Journal of Convex Analysis 30 (2023), No. 4, 1173--1201
Copyright Heldermann Verlag 2023
Combined Approach with Second-Order Optimality Conditions for Bilevel Programming Problems
Xiaoxiao Ma
Dept. of Mathematics and Statistics, University of Victoria, Canada
xiaoxiaoma@uvic.ca
Wei Yao
Dept. of Mathematics, Southern University of Science and Technology, and: National Center for Applied Mathematics, Shenzhen, Guangdong, China
yaow@sustech.edu.cn
Jane J. Ye
Dept. of Mathematics and Statistics, University of Victoria, Canada
janeye@uvic.ca
Jin Zhang
Dept. of Mathematics and SUSTech International Center for Mathematics, Southern University of Science and Technology, and: National Center for Applied Mathematics, Shenzhen, Guangdong, China
zhangj9@sustech.edu.cn
We propose a combined approach with second-order optimality conditions of the lower level problem to study constraint qualifications and optimality conditions for bilevel programming problems.

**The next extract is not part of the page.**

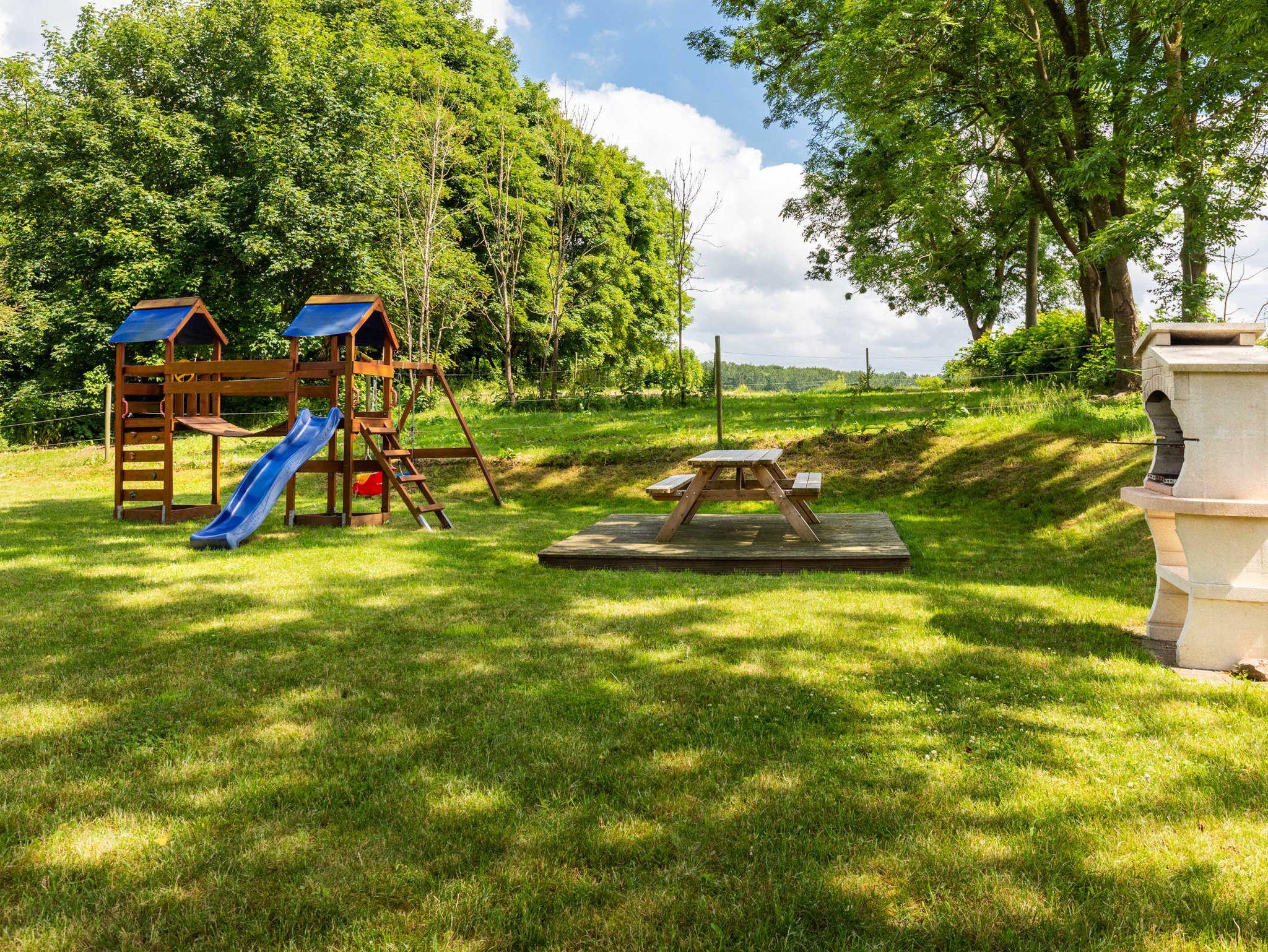 Spiel-und Bolzplatz im Ort, Kinderbett, Hochstuhl, Kinderwagen (zum Buggy umbaubar), Steckdosenschutz, Treppenschutzgitter, Spielgerät zum Klettern, Rutschen und Schaukeln im Garten. Die Pferde auf der angrenzenden Koppel dürfen gern gestreichelt und unter Anleitung geputzt werden. Nach Absprache können die Kinder auf dem Pferd geführt werden oder Reiten lernen. Dies auf dem nahegelegenen privaten Pferde- und Reiterhof. Auf Wunsch kann ein Babysitter Service kann organisiert werden.

The new method is inspired by the combined approach developed by Ye and Zhu in 2010, where the authors combined the classical first-order and the value function approaches to derive new necessary optimality conditions. In our approach, we add a second-order optimality condition to the combined program as a new constraint. We show that when all known approaches fail, adding the second-order optimality condition as a constraint makes the corresponding partial calmness condition and the resulting necessary optimality condition easier to hold. We also give some discussions on advantages and disadvantages of the combined approaches with the first-order and the second-order information.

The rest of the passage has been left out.